The paper literally explains why it might be in merchants’ best interest to accept these cards for payment even when the fees appear to be too high. It also predicts the following welfare outcomes:
In comparison with the equilibrium without cards, if the network charges the highest merchant fee then cardholders are better off (or at least indifferent), non-cardholders are worse off, and merchants are either better off or indifferent. The total of the consumers’ and merchants’ surplus depends on price elasticity of the market aggregate consumer demand. In markets where the aggregate consumer demand is inelastic, the total of the consumers’ and merchants’ surplus with and without cards are the same.
In the case of elastic aggregate consumer demand, the model predicts that:
In the long run, the merchant fee will converge to the highest possible level and the product prices will also converge accordingly.
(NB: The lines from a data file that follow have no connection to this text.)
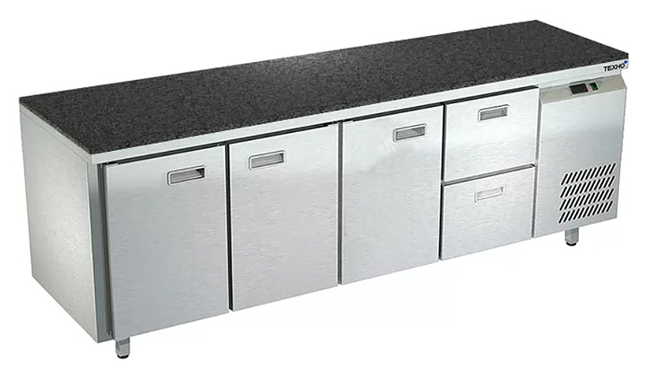 Морозильный стол Техно-ТТ СПБ/М-322/32-2207 предназначен для раскатки теста, обработки, заморозки и долговременного хранения продуктов, полуфабрикатов, напитков и мороженого на предприятиях общественного питания и торговли. Модель оснащена 3 секциями с 3 дверьми и регулируемой полкой-решеткой, 1 секцией с 2 ящиками, направляющими с доводчиками (Австрия), петлями-доводчиками (Польша) и круглыми ножками, регулируемыми по высоте на 50 мм (Италия). Корпус выполнен из нержавеющей стали AISI 430, задняя стенка и дно - из оцинкованной стали, столешница - из камня. Стол поставляется в собранном виде. Особенности: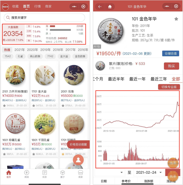 每個產品都有記錄價格的K線圖,甚至出現了專門跟蹤大益茶走勢的平台。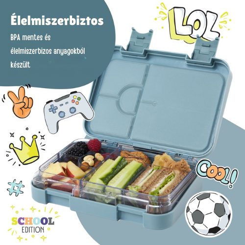 A doboz több rekesszel rendelkezik, így az ételek szeparáltan, frissen és gusztusosan maradnak – nincs többé összekeveredett gyümölcs és szendvics! 🍎🥦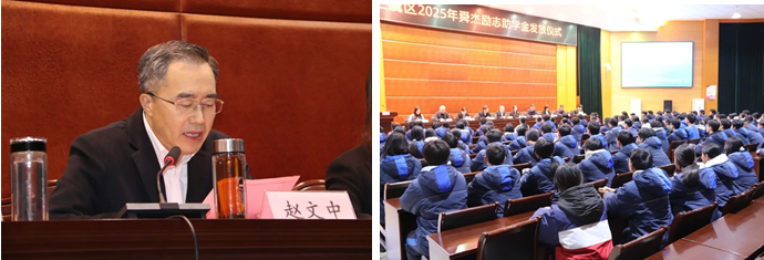 致辞中,赵文中主任对同学们提出三点殷切希望:一要励学敦行,做不负时代的奋斗者,将社会关爱转化为求知动力,坚持学以致用;二要厚德弘毅,做勇担使命的追梦者,秉持“工匠”精神,将个人理想嵌入家乡发展的经纬;三要知恩感恩,做爱心传递的接力者,永怀感恩之心,在未来以实际行动回报社会、情系桑梓。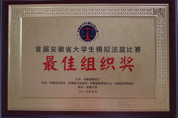 5月15日,首届安徽省大学生模拟法庭比赛在安徽大学落下帷幕。全省19所开设法学专业本科的院校参加了比赛。beat365官网法学院在19所申请最佳组织奖的高校中脱颖而出,荣获“最佳组织奖”荣誉称号。2013级法学班戴月同学获得“优秀辩手”称号。

Under such merchant fee and product prices, the merchant’s profit with cards becomes the same as the equilibrium profit without cards.
It is bizarre that Kantor’s testimony cites this paper at all–the model provides a theoretical justification for the very situation that the NACS is attributing to anti-competitive behavior. The model also suggests that the current situation is economically efficient and, at worst, welfare neutral.
Hopefully, enough members of Congress will stick to this basic truth: price controls make more people worse off than they help. If members do that, they’ll see that the Durbin Amendment is a terrible public policy, and they’ll repeal it rather than extend it to the credit card market.